井深梶之助総理とインブリー博士は、理事会に諮り建築資金の調達に奔走。米国プレスビテリアン(長老派)、リフォームト(改革派)の両ミッションに上申書を送り援助を懇請した。その結果、セベレンス氏からの寄附があり、それが資金に当てられた。
ミラー記念礼拝堂の前例があるので、特に基礎工事を堅固にし、1915(大正4)年11月30日に定礎式を行い、当時来朝中のプレスビテリアン外国伝道局主事スピーア博士が礎石をすえた。工事は順調に進行し、翌1916(大正5)年3月落成。同月27日には卒業式をかねて献堂式が行われた。建坪は約375平方メートル。建築様式は英国式、設計はヴォーリス会社であった。
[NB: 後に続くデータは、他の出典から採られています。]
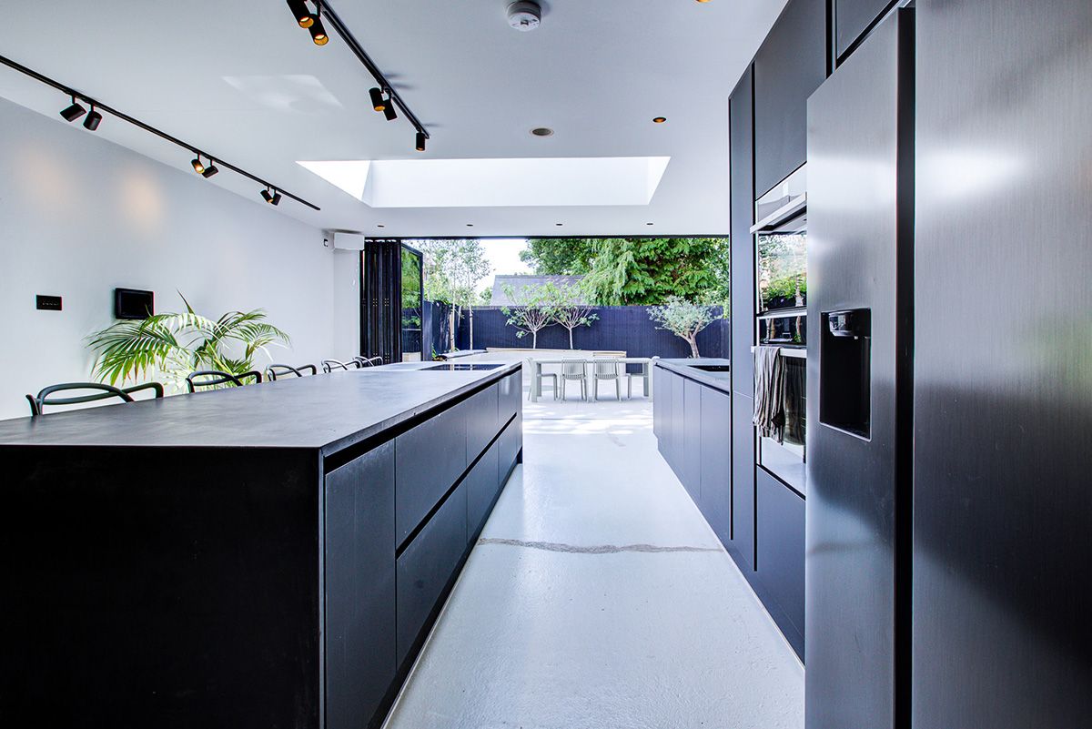 A wrap-around extension creating a large, open-plan kitchen and living space. Existing internal floor levels were lowered to improve flow and proportions throughout the new layout. The project includes the installation of approximately 10 metres of bi-fold doors, opening the kitchen-living area directly onto the garden and enhancing natural light and indoor–outdoor connection. Works also comprise a new MVHR system, a fully upgraded heating system, two new bathrooms, and a bespoke kitchen, delivering a modern, efficient, and high-quality family living space.

その後学生数の増加に伴い、狭隘となったので、1931年に両袖を拡張、十字架型とし、さらに講壇の一部を改造した。1966(昭和41)年2月19日に、西独ヴァルカー社製作のパイプオルガンが設置され、奉献式が行われた。
さらに、2006(平成18)年4月から2008年2月にかけて耐震補強を施す等の建物の保存修理工事を行い、2008(平成20)年2月29日に献堂式が行われた。2009(平成21)年10月24日には、ヘンク ファン エーケン(オランダ)制作による新パイプオルガンが設置され、奉献式を挙行した。
[設計者]W.Mヴォーリズ
[構 造]煉瓦造、一部鉄筋コンクリート造
[規 模]2階建 延床面積 553.61平方メートル
1989(平成元) 年 東京都港区有形文化財に指定
2002(平成14)年 東京都港区「景観上重要な歴史的建造物等」に指定
明治学院歴史資料館 >> 明治学院礼拝堂(白金チャペル)
明治学院インブリー館
明治学院がこの白金の地に開校したのは、1887(明治20)年であるが、開校までに普通学部校舎及び講堂のサンダム館と同部寄宿舎のヘボン館が建築されていた。
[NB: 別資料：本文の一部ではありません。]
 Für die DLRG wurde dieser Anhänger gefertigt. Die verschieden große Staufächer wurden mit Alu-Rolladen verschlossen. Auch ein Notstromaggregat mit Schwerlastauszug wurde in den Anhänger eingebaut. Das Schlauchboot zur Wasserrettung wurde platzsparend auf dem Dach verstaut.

引き続き神学部校舎兼図書館(現「記念館」)や当時学院で教えた宣教師の住宅などの西洋館が相次いで建てられた。
島崎藤村が小説『桜の実の熟する時』の中で「向ふの講堂の前から敷地つづきの庭へかけて三棟並んだ西洋館はいづれも捨吉が教えを受ける亜米利加人の教授達の住居だ。白いスカアトを涼しい風に吹かせながら庭を歩いて居る先生方の奥さんも見える」と書いている三棟の宣教師住宅は、構内西南隅(現高校校舎敷地)にあったもので、今は残っていない。
この建物は、これらとは別に構内東北端に建てられ、学院の宣教師住宅のうちただ一つ現存するものであり、ウィリアム・インブリー博士が長年住んだので、「インブリー館」と呼ばれてきた。1889(明治22)年頃の建物で、木造瓦葺二階建、建築様式は19世紀後半のアメリカの住宅様式を反映している。
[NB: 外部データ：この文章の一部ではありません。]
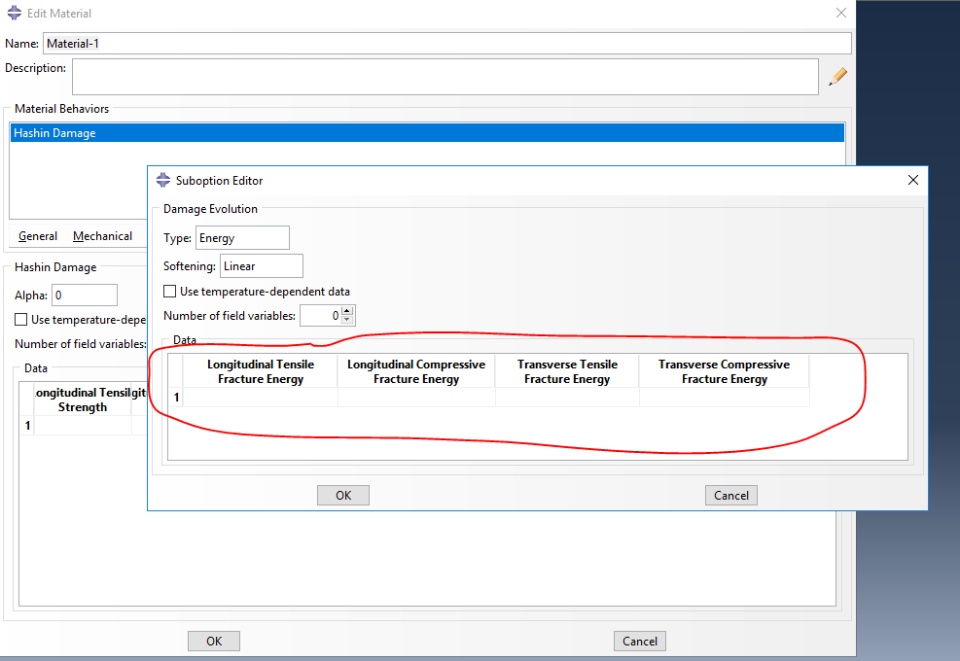 For the damage evolution in Hashin Damage Model in Abaqus, we need give the fracture energy value.

1964(昭和39)年現在地に曳屋され、1994(平成6)年から建物調査、解体作業、1996(平成8)年5月から組立工事を行い、1997(平成9)年4月に全面改修が終わった。現在は、木造銅板葺二階建で延床面積は301.12平方メートル、同窓会本部として利用されている。
[設計者]不詳[構 造]木造(屋根:銅板一文字葺)
[規 模]地上2階 延床面積301.30平方メートル
1998(平成10)年 国の重要文化財に指定
2002(平成14)年 東京都港区「景観上重要な歴史的建造物等」に指定
明治学院歴史資料館 >> インブリー館
明治学院記念館
島崎藤村が小説「桜の実の熟する時」の中で「・・・新しく構内に出来た赤煉瓦の建物は、一部は神学部の教室で一部は学校の図書館に成つて居た。またペンキの香のする階段を上って行つて二階の部屋を出ると、そこにたくさん並んだ書架がある。一段高いところに書籍の掛りも居る。・・・書架で囲はれた明るい窓のところには小さな机が置いてある。そこへ捨吉は、好きな書籍を借りて行って腰掛けた・・・」と書いているのが、この赤煉瓦の建物である。1890(明治23)年6月24日に献堂式が行われた。建築当初は、神学部の教室、教授室、ならびに図書館として使用されたが、永い年月を経た現在は、記念館と呼ばれている。
設計は、H・M・ランディス教授。赤煉瓦、瓦葺きの二階建てで、当時アメリカで流行したネオゴシック様式。延べ面積は約235平方メートル。1894年(明治27)年六月の大地震で大破し二階部分を木造に改造。木造部分は木材の骨組を真壁にし木骨を表に出し、煉瓦と木造との連携構造は妙をえて高い評価を受けている。尖塔は1914(大正3)年のサンダム館の火災時に類焼して改造されたもの。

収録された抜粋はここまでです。